Gov. Mark Dayton has spent two years painstakingly working to build an unlikely alliance between his union-backed DFL administration and the state's powerful business community.
Now much of that is fraying as he plows ahead with a plan to extract billions of dollars in new taxes from the state's businesses.
"If you do this, you are gambling with the golden egg," said Douglas Baker Jr., CEO and board chairman of Ecolab, a Twin Cities-based Fortune 500 company. "It's not a good place to play."
Dayton's administration has spent more than a year meeting face to face with business leaders, attempting to cultivate relationships with those still wary of the governor's commitment to business. Those conversations led some to praise Dayton for his willingness to listen, to even come to their offices to hear their concerns.

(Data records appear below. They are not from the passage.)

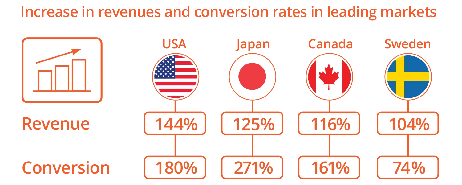 Providing international shoppers with a fully localised online shopping experience tailored to shopper preferences and behaviours has a significant effect on checkout conversions: In Canada, for example, where online revenues have increased 116% and conversion rates have increased 161%, 100% of shoppers choose to purchase in Canadian Dollars and 94% opt to prepay the local duties and taxes at checkout. In Japan 98% of customers choose to buy in Japanese Yen and 86% of them prefer to pay their duties and taxes at checkout.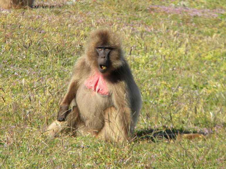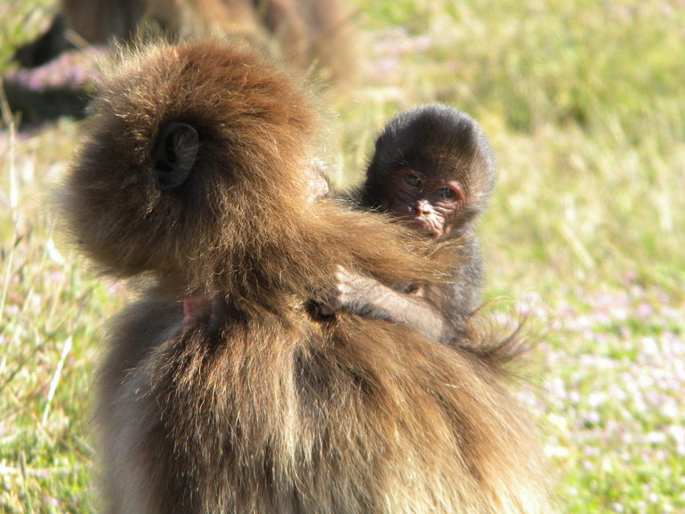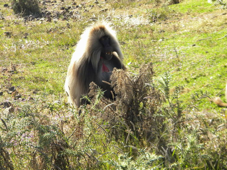 Бабуин Гелада встречается только в эфиопском нагорье, большой численностью населяя горы. Выглядят достаточно страшно, особенно самцы с впечатляющими клыками.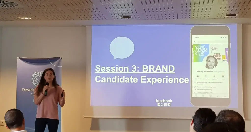 Right after the selfie lottery guys it was the turn of Emer O’Leary & Ashley Jameson: after a brief introduction, they introduced us to the Facebook EMEA Recruiting Program: an enticing set of techniques aiming to build the best teams in the world and create an amazing company culture. The program strongly relies to a passionate recruiting community formed by Program Managers, Recruiters, Coordinators and Sourcers: they explained quite well how all of these people work together to bring the world's best talent to Facebook.

Then he unveiled a budget that, for the first time, would tax legal fees, accounting work and other business-to-business services, shocking business leaders and energizing them in a way no other political issue has in years.
Now this scion of business, whose family earned its fortune in retail, is locked in a showdown with some of Minnesota's largest and most powerful companies over how best to improve the state's economy. The result could leave a mammoth footprint on the final budget deal and potentially reshuffle political alliances between DFLers and business.
Dayton insists the state's revenue system no longer works. Consumers and companies spend far more on nontaxable services than on taxable goods, leaving the state vulnerable to an endless cycle of deficits and unstable budgets.
The outcry has touched off a new and fevered round of private, one-on-one meetings between business leaders and the Dayton administration.